── MATERIAL PROVIDED

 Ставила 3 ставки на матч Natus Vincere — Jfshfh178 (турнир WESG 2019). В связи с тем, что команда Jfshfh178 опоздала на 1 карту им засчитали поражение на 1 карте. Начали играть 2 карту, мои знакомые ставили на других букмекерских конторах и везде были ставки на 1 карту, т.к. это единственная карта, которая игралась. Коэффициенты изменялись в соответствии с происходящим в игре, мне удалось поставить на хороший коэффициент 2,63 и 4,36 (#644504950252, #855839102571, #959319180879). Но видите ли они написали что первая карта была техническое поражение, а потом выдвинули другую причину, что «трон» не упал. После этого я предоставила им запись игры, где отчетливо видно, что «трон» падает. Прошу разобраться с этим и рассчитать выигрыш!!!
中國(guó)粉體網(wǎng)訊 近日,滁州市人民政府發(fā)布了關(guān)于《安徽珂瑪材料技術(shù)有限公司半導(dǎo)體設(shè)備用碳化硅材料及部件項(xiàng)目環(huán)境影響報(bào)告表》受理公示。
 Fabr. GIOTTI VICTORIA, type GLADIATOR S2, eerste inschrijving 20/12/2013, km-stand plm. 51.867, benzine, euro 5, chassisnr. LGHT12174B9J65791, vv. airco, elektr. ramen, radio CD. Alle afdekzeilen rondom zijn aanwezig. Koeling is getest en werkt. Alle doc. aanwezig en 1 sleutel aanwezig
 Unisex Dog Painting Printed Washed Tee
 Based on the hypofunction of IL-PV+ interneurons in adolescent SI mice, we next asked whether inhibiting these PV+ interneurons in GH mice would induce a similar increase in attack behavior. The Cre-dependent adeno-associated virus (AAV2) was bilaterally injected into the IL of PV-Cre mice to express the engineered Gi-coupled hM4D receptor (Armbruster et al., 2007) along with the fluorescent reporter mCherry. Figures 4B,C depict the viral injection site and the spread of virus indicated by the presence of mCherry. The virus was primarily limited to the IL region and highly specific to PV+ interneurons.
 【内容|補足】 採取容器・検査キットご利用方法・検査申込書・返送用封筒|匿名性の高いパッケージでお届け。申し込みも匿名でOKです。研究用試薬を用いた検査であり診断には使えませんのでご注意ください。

────
── MATERIAL PROVIDED

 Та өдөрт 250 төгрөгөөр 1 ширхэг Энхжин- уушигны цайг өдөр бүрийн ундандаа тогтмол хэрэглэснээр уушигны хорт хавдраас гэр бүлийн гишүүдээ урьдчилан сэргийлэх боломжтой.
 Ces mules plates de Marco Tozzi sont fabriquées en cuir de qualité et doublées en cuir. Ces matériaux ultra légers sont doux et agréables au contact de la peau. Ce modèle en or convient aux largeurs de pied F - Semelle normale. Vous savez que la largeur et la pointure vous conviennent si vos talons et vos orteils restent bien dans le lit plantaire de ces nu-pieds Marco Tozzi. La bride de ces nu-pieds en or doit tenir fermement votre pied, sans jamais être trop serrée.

────
── MATERIAL PROVIDED

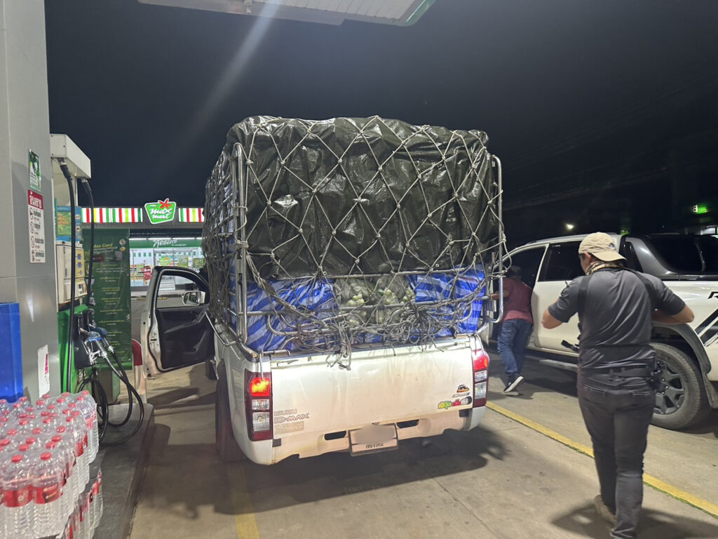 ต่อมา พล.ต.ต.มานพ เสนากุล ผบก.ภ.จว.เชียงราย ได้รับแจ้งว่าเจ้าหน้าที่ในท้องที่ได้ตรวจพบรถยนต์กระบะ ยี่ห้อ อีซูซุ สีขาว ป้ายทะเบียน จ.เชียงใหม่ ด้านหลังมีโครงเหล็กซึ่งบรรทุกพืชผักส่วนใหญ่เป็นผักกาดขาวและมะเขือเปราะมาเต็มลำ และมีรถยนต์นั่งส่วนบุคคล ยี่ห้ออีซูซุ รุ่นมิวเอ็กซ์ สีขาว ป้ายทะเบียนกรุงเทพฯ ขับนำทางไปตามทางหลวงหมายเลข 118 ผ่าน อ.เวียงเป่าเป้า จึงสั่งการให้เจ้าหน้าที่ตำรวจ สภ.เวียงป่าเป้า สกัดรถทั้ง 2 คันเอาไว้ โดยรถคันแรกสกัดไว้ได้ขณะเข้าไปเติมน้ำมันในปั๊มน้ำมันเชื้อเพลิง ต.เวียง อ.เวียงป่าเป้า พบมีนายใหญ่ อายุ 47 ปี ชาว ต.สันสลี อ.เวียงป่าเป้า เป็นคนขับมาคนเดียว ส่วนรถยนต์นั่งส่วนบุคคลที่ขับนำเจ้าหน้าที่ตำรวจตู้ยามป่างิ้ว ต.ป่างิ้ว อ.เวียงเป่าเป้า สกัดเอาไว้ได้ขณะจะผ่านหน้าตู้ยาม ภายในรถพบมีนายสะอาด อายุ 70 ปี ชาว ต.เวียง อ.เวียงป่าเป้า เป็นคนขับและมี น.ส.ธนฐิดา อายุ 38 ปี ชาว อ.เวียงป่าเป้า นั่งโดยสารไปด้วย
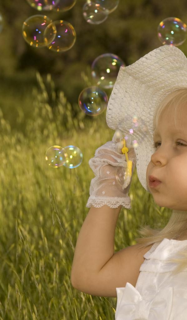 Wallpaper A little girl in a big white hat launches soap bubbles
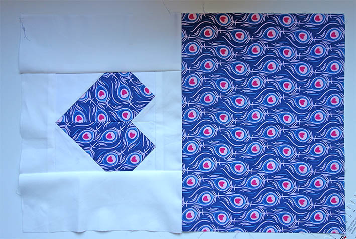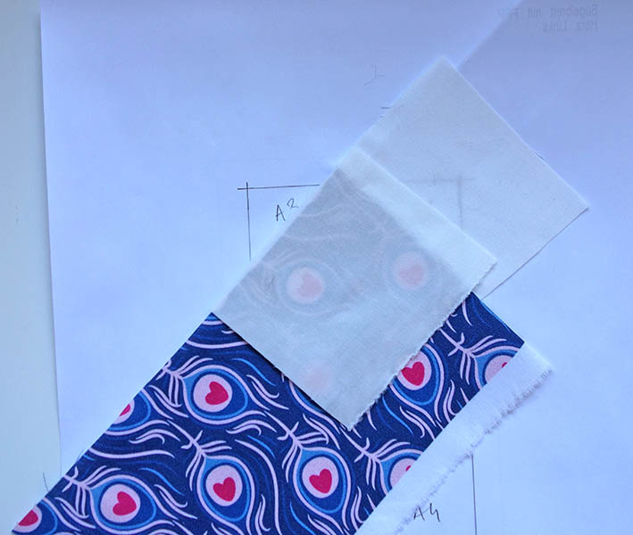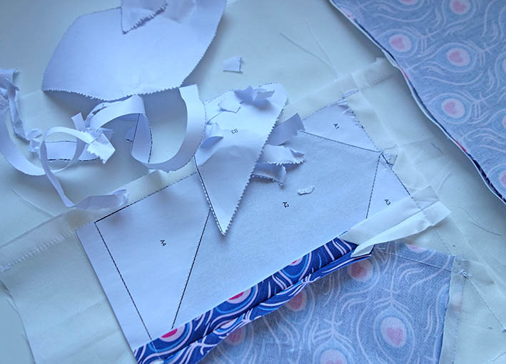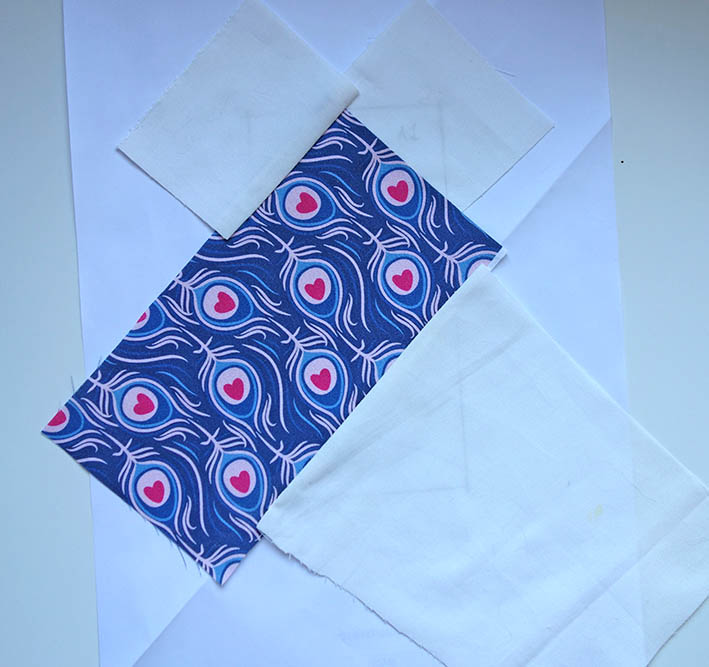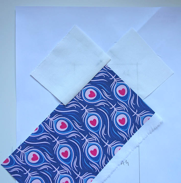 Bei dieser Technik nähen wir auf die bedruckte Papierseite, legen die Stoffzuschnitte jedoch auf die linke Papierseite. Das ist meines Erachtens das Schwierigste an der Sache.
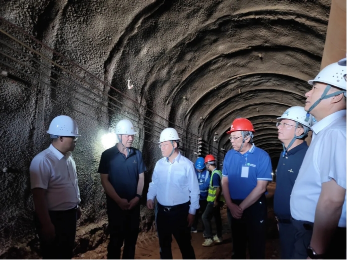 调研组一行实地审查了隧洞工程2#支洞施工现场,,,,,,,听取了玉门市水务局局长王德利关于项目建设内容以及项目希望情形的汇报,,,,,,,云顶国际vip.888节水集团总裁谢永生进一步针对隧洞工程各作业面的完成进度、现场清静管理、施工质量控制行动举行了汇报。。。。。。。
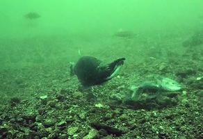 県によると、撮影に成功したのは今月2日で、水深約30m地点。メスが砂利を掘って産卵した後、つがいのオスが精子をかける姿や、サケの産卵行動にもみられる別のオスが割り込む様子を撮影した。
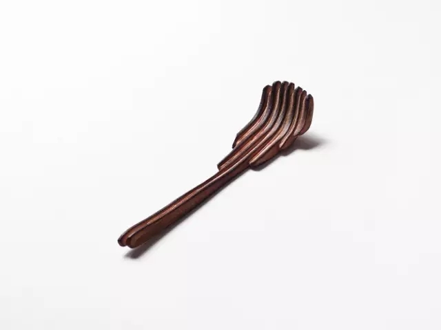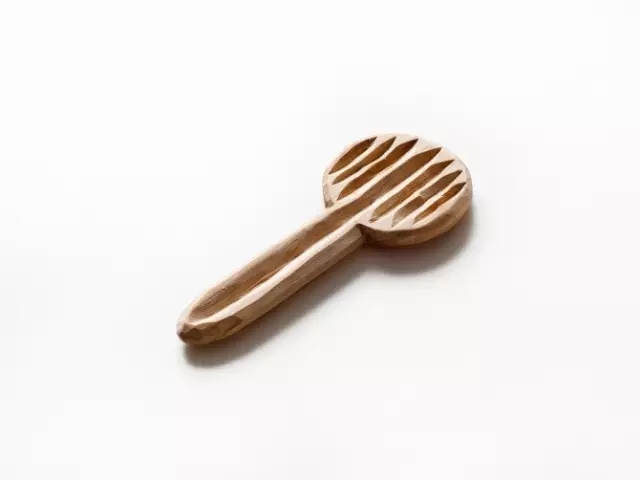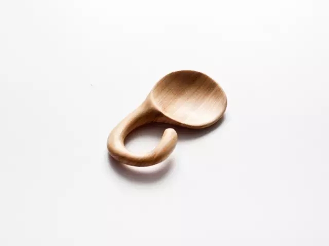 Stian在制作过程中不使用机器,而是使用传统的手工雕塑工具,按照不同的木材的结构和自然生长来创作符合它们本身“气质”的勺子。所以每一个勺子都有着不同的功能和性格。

────

YOUR OBJECTIVE: Beginning at the line above that contains "県によると、撮影に成功したの" and going on through the line that contains "Stian在制作过程中不使用", please copy every line exactly, leaving the pictures out and adding nothing.

ANSWER FOR THE TASK:
 県によると、撮影に成功したのは今月2日で、水深約30m地点。メスが砂利を掘って産卵した後、つがいのオスが精子をかける姿や、サケの産卵行動にもみられる別のオスが割り込む様子を撮影した。
 Stian在制作过程中不使用机器,而是使用传统的手工雕塑工具,按照不同的木材的结构和自然生长来创作符合它们本身“气质”的勺子。所以每一个勺子都有着不同的功能和性格。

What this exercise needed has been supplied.